- Directed by: Rolf Thiele
- Written by: Herbert Reinecker
- Based on: Dr. Ibrahim (novel) by John Knittel
- Produced by: Luggi Waldleitner
- Starring: O.W. Fischer Michael Ande Nadja Tiller
- Cinematography: Klaus von Rautenfeld
- Edited by: Elisabeth Kleinert-Neumann
- Music by: Hans-Martin Majewski
- Production company: Roxy Film
- Distributed by: Neue Filmverleih
- Release date: 16 December 1957;
- Running time: 110 minutes
- Country: West Germany
- Language: German
- Box office: $1 million

= El Hakim =

1957 film

El Hakim is a 1957 West German drama film directed by Rolf Thiele and starring O.W. Fischer, Michael Ande and Nadja Tiller. It was shot in Eastmancolor at the Göttingen Studios and on location in Egypt. The film's sets were designed by the art directors Wolf Englert and Ernst Richter.

==Synopsis==
A young Egyptian from a poor background qualifies as a doctor after studying medicine in Cairo. He becomes a successful doctor, not losing sight of his commitment to assist the poorest in society. He encounters Aziza, who falls in love with him, but he ignores her - becoming interested instead in the sophisticated Lady Avon, whose protegee he becomes. After years in London and Paris as a society doctor, he realises that Aziza was the right woman for him.

==Cast==
- O.W. Fischer as Ibrahim
- Michael Ande as Ibrahim als Kind
- Nadja Tiller as Aziza
- Elisabeth Müller as Lady Avon
- Giulia Rubini as Heleni
- Charles Regnier as Dr. Kolali
- Robert Graf as Abubakr
- Jochen Blume as Dr. Ahmad
- Raoul Retzer as Basch Tamargy
- Tilla Durieux as Mutter des Hussni
- Harald Mannl as Michaelides
- Ulrich Beiger as Prinz Ali Hussni
- Klaus Behrendt as Dr.
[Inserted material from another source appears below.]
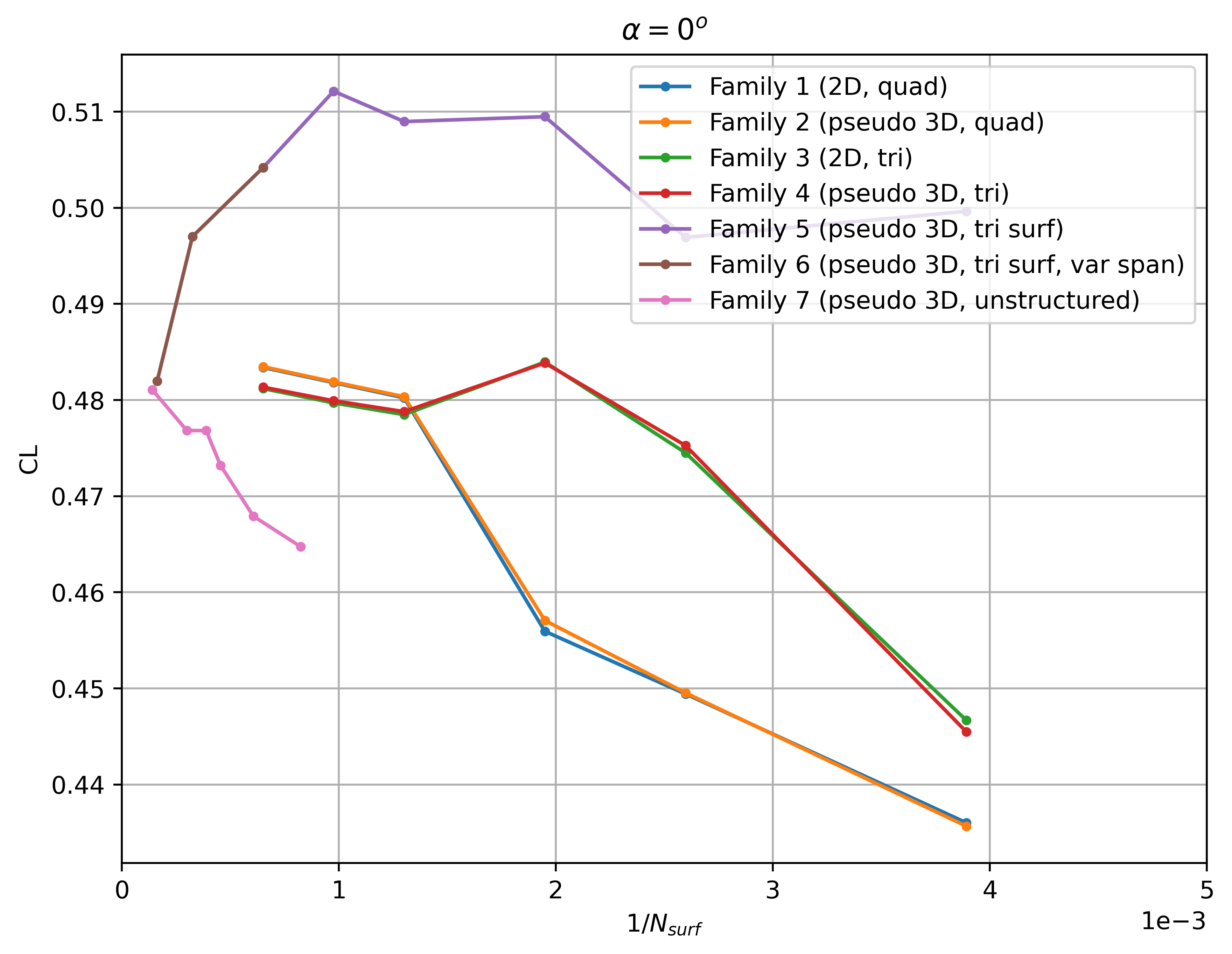 As can be seen from the table above, the pseudo-3D cases require significantly more grid points than the pure 2D cases. The triangular surface grids (Families 5-7) require fewer points for a given grid level primarily due to the fact that they were generated using an unstructured solver, not spanwise extrusion, hence the number of spanwise nodes in the volume typically reduces closer to the farfield. Grid Family 6 contains an increase in spanwise nodes up to 80 for level 3. A grid of 40 nodes in the spanwise direction was also generated for the grid Family 2 but not shown in the Table (25,025,088 nodes). Grid Family 7 contains significantly more nodes than Family 5 even though the spanwise spacing was reduced to 0.04, which is primarily due to the aspect ratio constraint of 25 for these grids. In the mesh convergence study, the metric used along the x-axis is 1 over the number of surface nodes. As the number of chordwise nodes will be more important than the number of spanwise nodes, the number of surface nodes is divided by 20 for pseudo-3D cases (to align Families 1 and 2, 3 and 4 on the x-axis).

Maksoud
- Ilse Künkele as Miss Howard
- Soliman Gendy Soliman as Omar
- Gregor von Rezzori as Lord Avon
- Kurt Hepperlin as Dr. Lister
- Margarethe Andersen as Mrs. Cole
- Anna Fischer as Mrs. Wilcox

==Bibliography==
- Bock, Hans-Michael & Bergfelder, Tim. The Concise CineGraph. Encyclopedia of German Cinema. Berghahn Books, 2009.
- Goble, Alan. The Complete Index to Literary Sources in Film. Walter de Gruyter, 1999.